Classics professor Steve Reece explores the shooting and the mythology about Parry that arose in subsequent years. He’s been described as a working-class hero/chicken farmer who ran up against Harvard snobbery and killed himself in despair when he wasn’t given tenure. He was compared to Alexander the Great (also dead at thirty-three); T. E. Lawrence, who died in a senseless road accident just months before Parry; and even to Ajax, who “killed himself out of anger and dismay over not receiving the armor of Achilles.” Reece goes to the documentation to meticulously deconstruct the Parry-myths in the context of the fluidity of oral traditions. Though saturated in corporate narratives and televisual plots, we evidently still make up songs about heroes.

Reese’s article is “The Myth of Milman Parry: Ajax or Elpenor?” (Oral Tradition, 33/1 [2019]:115-142), and it’s available free in its entirety. Thanks, Bathrobe!


  1. Unfortunately it became a family tradition:
    his son Adam Parry and wife killed in crash

  2. David Marjanović says:

    Such attempts as Beye’s, however, did little to suppress the oral tradition.

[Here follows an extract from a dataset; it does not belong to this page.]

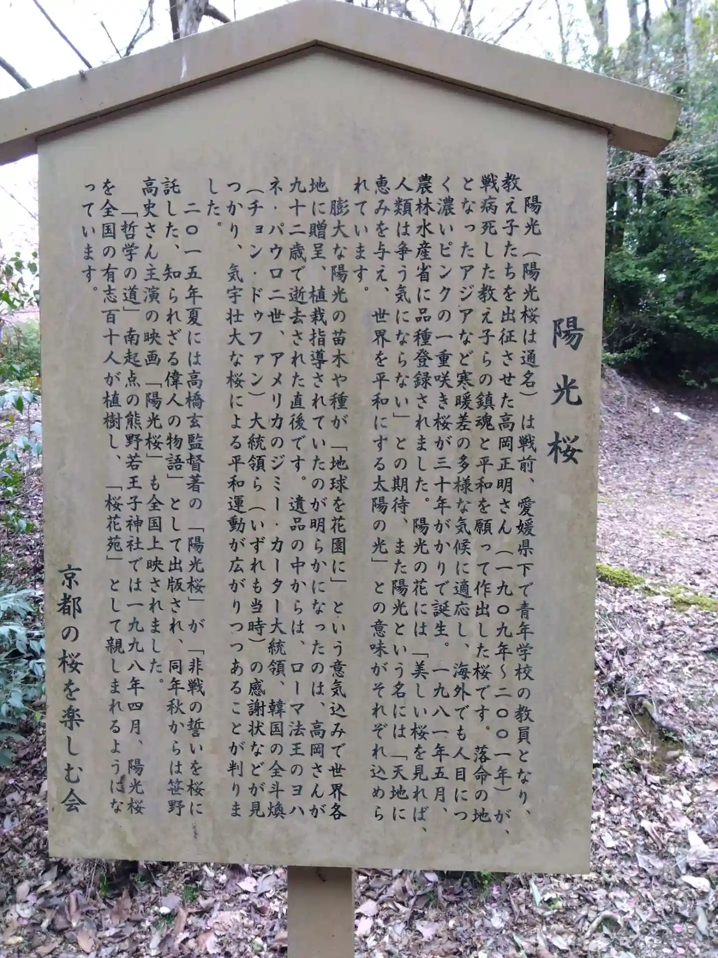 駒札。陽光桜由緒。

In 1993 there occurred a sustained and wide-ranging conversation on the University of Kentucky’s Classical Greek and Latin Discussion Group (Classics-L, an electronic “Listserv”) about the untimely and tragic deaths of scholars who worked in the field of Homeric Studies: Milman Parry, Adam Parry, Anne Amory Parry, Michael Ventris, Colin MacLeod. […]

    First, there appear in the informal conversation, as in any oral tradition, numerous factual errors: that Parry died in an auto accident (a conflation with his son Adam’s death);

  3. One man’s fake news are another man’s oral traditions.

  4. Totally irrelevant remark: Milman Parry sounds like a James Thurber character.

  5. David Eddyshaw says:
  6. ‘The Myth of Milman Parry’ inevitably drops a lot of names, including that of the professor who taught his three semesters of anthropology, A. L. Kroeber, father of Ursula K. LeGuin, coincidentally born st the time Parry was at Berkeley. We are told that anthropology at the time was unusual for a classics student. Given that both Parry and LeGuin were both unusual people, Kroeber must have been fascinating.